Trad jazz - short for "traditional jazz" - refers to the Dixieland and Ragtime jazz styles of the early 20th century[1] in contrast to any more modern style.
A Dixieland revival began on the west coast in the late 1930s as a backlash to the Chicago style, which was close to swing. Lu Watters and the Yerba Buena Jazz Band, and trombonist Turk Murphy, adopted the repertoire of Joe "King" Oliver, Jelly Roll Morton, Louis Armstrong and W.C. Handy: bands included banjo and tuba in the rhythm sections. A New Orleans-based traditional revival began with the later recordings of Jelly-Roll Morton and the rediscovery of Bunk Johnson in 1942, leading to the founding of Preservation Hall in the French Quarter during the 1960s.

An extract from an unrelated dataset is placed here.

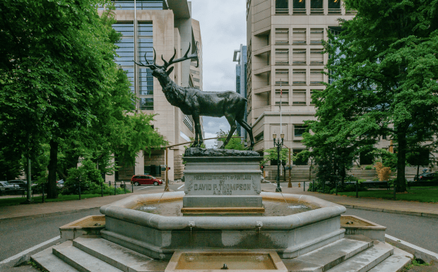 Das Problem dieses eindrucksvollen Tieres: Es ist als „Thompson-Elk“ von David Preston Thompson in Auftrag gegeben worden und war mit einer Tafel ausgestattet, die den Auftraggeber als Spender ausweist. Der in Ohio geborene Thompson kam 1853 im Alter von 19 Jahren nach Oregon. Dort wurde er zum erfolgreichen Geschäftsmann und Politiker. Von 1881 bis 1885 war er Bürgermeister Portlands, kandidierte erfolglos zum Gouverneur des jungen Bundesstaats, erwarb sich jedoch hohes Ansehen vor allem bei der Erschließung des Nordwestens der USA über seine Mitwirkung am Bau der Oregon Rail, die die Region am Pazifik an die damaligen Zentren der Ostküste anband.
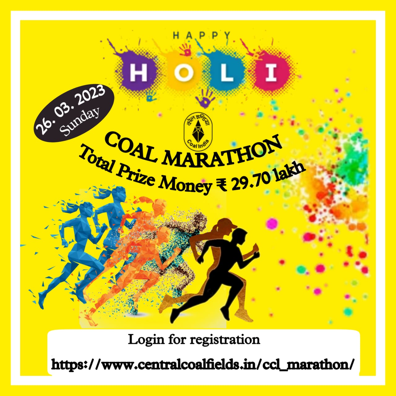रजिस्ट्रेशन के लिए https://www.centralcoalfields.in/ccl_marathon/ लिंक पर लॉगिन किया जा सकता है।

Early King Oliver pieces exemplify this style of hot jazz; however, as individual performers began stepping to the front as soloists, a new form of music emerged. Ironically, one of the ensemble players in King Oliver's Creole Jazz Band, Louis Armstrong, was by far the most influential of the soloists, creating, in his wake, a demand for this "new" style of jazz, in the late 1920s and early 1930s. Other influential stylists who are still revered in traditional jazz circles today include Sidney Bechet, Bix Beiderbecke, Wingy Manone and Muggsy Spanier. Many artists of the Big Band era, including Glenn Miller, Gene Krupa and Benny Goodman, had their beginnings in trad jazz.
In Britain, where boogie-woogie, "stride" piano and jump blues were popular in the 1940s, the Humphrey Lyttelton band pioneered a trad revival just after the Second World War, and Ken Colyer's Crane River band added a strong thread of New Orleans purism. During the 1950s and well into the 60s Chris Barber, Terry Lightfoot, Acker Bilk, George Chisholm, Kenny Ball, Mick Mulligan and Mike Cotton - who "went R'n'B". in 1963-4 - made regular appearances live, on the air and in the British charts, as did Louis Armstrong himself. More light-hearted versions were offered by The Bonzo Dog Doo-Dah Band, The Temperance Seven and The New Vaudeville Band. Dixieland stylings can be found here and there on records by The Rolling Stones, The Beatles, The Small Faces and The Kinks, while The Who actually performed trad jazz in their early days.
It was Chris Barber whose band performances gave a stage to Lonnie Donegan and Alexis Korner, setting off the craze for skiffle and then British rhythm and blues that powered the Beat boom of the sixties.
Following a revival of interest in the late 1980s, a number of musicians such as Wynton Marsalis began performing and recording not only original trad jazz tunes but new compositions in the style as well.